The New York City Taxi and Limousine Commission (TLC) is an agency that is responsible for licensing and regulating New York City's taxi cabs. Over 200,000 TLC licensees complete approximately 1,000,000 trips each day.
For the last four years, TLC has been working on making 5000 self-driving taxis to start distributing them in late 2021. They are planning to start by distributing the taxis at the subway stations. Therefore, they need to decide the distribution plan based on the number of units per station and the total number of exits per station.
- Increase the availability of self-driving taxis at the most crowded stations.
- Reduce the number of redundant self-driving taxis at the least crowded stations.
The data that will be used in taking insights about the nature of subway stations congestion, and the number of exits registered per unit per station in New York City, is Metropolitan Transportation Authority (MTA). The dataset is a series of data files containing numbers of cumulative entries and exits by stations, turnstile, along with their dates and time. The data records are weekly produced and mostly collected every 4 hours.
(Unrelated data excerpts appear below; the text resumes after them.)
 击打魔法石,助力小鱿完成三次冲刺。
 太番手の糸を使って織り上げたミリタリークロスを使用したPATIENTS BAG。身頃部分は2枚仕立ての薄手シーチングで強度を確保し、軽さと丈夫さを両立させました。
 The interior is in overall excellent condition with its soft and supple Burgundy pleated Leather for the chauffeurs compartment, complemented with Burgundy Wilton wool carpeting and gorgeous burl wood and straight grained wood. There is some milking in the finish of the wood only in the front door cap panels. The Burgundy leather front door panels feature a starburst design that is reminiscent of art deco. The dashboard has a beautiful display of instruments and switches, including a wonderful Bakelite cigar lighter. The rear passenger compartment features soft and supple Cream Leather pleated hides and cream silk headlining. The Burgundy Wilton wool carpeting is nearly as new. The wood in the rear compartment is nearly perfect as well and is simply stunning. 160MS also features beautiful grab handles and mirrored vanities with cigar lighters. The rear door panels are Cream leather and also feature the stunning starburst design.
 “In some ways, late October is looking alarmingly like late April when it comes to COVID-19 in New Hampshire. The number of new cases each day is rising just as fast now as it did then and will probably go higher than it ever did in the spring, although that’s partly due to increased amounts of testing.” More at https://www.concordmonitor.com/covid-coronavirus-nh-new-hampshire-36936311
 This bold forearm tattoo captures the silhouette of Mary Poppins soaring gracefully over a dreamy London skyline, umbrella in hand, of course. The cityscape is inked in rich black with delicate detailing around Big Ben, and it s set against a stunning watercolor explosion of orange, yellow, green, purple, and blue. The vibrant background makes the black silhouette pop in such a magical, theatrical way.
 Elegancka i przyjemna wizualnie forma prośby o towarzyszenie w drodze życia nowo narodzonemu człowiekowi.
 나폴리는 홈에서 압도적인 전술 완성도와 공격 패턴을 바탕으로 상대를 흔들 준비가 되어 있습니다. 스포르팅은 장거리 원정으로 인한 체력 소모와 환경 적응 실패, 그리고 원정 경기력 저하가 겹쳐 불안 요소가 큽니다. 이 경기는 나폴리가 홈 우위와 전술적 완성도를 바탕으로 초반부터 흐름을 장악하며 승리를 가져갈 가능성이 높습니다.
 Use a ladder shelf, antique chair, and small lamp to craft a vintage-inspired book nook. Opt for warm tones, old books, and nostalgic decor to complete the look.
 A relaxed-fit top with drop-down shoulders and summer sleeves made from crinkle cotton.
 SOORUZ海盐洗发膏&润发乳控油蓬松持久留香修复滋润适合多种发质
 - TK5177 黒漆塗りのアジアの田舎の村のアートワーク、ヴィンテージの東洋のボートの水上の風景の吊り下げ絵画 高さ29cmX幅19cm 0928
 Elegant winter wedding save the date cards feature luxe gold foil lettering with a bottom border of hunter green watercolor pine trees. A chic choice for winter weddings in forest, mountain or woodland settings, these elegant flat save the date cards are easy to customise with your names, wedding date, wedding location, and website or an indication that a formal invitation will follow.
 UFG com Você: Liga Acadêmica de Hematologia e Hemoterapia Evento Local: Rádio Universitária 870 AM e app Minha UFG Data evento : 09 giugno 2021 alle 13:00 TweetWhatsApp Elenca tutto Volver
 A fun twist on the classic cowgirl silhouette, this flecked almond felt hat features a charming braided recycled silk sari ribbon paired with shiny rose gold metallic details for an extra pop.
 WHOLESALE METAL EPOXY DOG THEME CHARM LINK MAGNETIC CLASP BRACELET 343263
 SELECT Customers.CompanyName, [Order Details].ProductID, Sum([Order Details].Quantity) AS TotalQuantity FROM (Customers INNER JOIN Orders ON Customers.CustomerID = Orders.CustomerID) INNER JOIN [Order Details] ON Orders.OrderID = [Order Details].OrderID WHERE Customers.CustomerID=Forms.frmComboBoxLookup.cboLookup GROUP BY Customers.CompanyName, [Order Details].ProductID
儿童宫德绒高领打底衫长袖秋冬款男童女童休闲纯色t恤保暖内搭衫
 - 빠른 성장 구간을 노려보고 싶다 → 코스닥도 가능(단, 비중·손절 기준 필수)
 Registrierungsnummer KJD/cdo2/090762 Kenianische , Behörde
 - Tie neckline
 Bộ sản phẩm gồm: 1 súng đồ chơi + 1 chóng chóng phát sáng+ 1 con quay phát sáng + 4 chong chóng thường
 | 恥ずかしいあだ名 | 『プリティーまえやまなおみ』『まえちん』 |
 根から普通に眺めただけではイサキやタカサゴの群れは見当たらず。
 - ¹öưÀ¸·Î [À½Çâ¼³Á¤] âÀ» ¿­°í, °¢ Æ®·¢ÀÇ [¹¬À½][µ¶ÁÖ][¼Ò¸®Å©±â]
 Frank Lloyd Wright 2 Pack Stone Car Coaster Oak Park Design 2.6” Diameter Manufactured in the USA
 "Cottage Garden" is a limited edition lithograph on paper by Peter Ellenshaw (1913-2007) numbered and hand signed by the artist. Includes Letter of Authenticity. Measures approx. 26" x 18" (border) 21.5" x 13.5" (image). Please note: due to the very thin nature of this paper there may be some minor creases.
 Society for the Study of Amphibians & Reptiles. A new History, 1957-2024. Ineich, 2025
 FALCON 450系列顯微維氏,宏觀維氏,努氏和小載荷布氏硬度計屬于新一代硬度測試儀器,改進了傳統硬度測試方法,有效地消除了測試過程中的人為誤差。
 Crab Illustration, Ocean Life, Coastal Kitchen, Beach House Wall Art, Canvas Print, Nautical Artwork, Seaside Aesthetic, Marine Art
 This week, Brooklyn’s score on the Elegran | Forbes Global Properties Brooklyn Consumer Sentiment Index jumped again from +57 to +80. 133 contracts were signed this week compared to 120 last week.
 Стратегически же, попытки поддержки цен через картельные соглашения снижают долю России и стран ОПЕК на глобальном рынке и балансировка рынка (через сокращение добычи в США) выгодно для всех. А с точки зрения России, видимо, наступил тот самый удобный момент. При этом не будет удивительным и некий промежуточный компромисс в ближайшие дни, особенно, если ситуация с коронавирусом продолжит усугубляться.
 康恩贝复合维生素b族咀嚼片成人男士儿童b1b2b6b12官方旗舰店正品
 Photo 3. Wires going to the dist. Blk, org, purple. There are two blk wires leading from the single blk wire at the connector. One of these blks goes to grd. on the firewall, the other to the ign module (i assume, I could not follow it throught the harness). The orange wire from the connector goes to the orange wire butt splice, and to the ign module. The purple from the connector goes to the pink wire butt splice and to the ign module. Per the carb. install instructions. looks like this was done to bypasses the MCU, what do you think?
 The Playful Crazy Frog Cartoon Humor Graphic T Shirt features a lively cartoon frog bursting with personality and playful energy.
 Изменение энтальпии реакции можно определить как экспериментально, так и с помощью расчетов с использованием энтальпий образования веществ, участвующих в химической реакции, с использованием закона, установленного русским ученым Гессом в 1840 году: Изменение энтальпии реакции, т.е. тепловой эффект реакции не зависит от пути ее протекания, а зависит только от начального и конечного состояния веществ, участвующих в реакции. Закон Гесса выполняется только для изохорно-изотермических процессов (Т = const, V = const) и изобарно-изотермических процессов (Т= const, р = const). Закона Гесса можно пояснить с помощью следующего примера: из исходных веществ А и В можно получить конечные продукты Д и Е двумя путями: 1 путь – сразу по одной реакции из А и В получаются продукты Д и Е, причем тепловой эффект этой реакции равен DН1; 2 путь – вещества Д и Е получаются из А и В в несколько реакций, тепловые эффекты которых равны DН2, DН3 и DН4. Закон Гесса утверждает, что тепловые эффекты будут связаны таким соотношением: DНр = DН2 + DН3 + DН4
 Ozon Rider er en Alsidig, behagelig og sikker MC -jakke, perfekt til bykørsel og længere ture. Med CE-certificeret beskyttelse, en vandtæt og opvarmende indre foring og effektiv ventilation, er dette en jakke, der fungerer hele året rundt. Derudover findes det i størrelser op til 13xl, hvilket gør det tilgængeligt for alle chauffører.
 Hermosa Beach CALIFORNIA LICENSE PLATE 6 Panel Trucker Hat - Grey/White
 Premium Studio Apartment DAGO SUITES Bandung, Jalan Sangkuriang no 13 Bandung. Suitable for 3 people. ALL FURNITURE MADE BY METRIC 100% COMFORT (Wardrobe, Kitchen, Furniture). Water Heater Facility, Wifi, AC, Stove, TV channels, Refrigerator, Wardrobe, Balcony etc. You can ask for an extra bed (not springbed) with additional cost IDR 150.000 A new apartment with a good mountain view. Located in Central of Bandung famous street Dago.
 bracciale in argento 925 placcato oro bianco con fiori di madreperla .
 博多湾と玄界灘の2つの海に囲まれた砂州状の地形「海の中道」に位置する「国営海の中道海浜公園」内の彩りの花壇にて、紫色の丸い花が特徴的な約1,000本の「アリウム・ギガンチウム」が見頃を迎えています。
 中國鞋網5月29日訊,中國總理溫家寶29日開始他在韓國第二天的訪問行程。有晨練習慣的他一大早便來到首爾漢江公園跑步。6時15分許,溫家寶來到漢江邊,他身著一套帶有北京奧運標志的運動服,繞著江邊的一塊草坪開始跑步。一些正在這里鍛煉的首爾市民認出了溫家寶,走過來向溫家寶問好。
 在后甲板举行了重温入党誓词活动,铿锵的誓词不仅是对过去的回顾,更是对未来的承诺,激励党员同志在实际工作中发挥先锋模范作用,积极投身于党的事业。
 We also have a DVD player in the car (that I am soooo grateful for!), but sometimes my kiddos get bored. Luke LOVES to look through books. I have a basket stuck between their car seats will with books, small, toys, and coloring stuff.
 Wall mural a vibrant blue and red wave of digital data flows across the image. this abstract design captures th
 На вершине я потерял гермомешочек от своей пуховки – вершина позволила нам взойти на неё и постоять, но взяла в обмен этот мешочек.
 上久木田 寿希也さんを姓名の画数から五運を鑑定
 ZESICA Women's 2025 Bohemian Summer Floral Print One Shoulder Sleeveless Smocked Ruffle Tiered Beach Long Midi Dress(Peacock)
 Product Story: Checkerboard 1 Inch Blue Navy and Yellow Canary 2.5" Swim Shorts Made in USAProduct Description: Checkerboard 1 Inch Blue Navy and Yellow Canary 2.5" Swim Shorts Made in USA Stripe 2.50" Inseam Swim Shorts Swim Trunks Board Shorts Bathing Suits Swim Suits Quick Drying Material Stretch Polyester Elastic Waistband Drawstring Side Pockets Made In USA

The data obtained from http://web.mta.info/developers/turnstile.html and it includes 11 columns and the following is the description of each feature:
Field Name | Description |
---|---|
C/A | Control Area (A002) |
UNIT | Remote Unit for a station (R051) |
SCP | Subunit Channel Position represents an specific address for a device (02-00-00) |
STATION | Represents the station name the device is located at |
LINENAME | Represents all train lines that can be boarded at this station |
DIVISION | Represents the Line originally the station belonged to BMT, IRT, or IND |
DATE | Represents the date (MM-DD-YY) |
TIME | Represents the time (hh:mm:ss) for a scheduled audit event |
DESC | Represent the "REGULAR" scheduled audit event (Normally occurs every 4 hours) |
ENTRIES | The comulative entry register value for a device |
EXITS | The cumulative exit register value for a device |
The sample size is set to be the last three months of 2019 since the distribution plan will be started at the end of 2021. The data of 2020 is ignored since it might be affected by the Covid-19 pandemic.
- Technologies: SQL, SQLite, Python, Jupyter notebook.
- Libraries: NumPy, Pandas, Matplotlib, Seaborn, SQLAlchemy.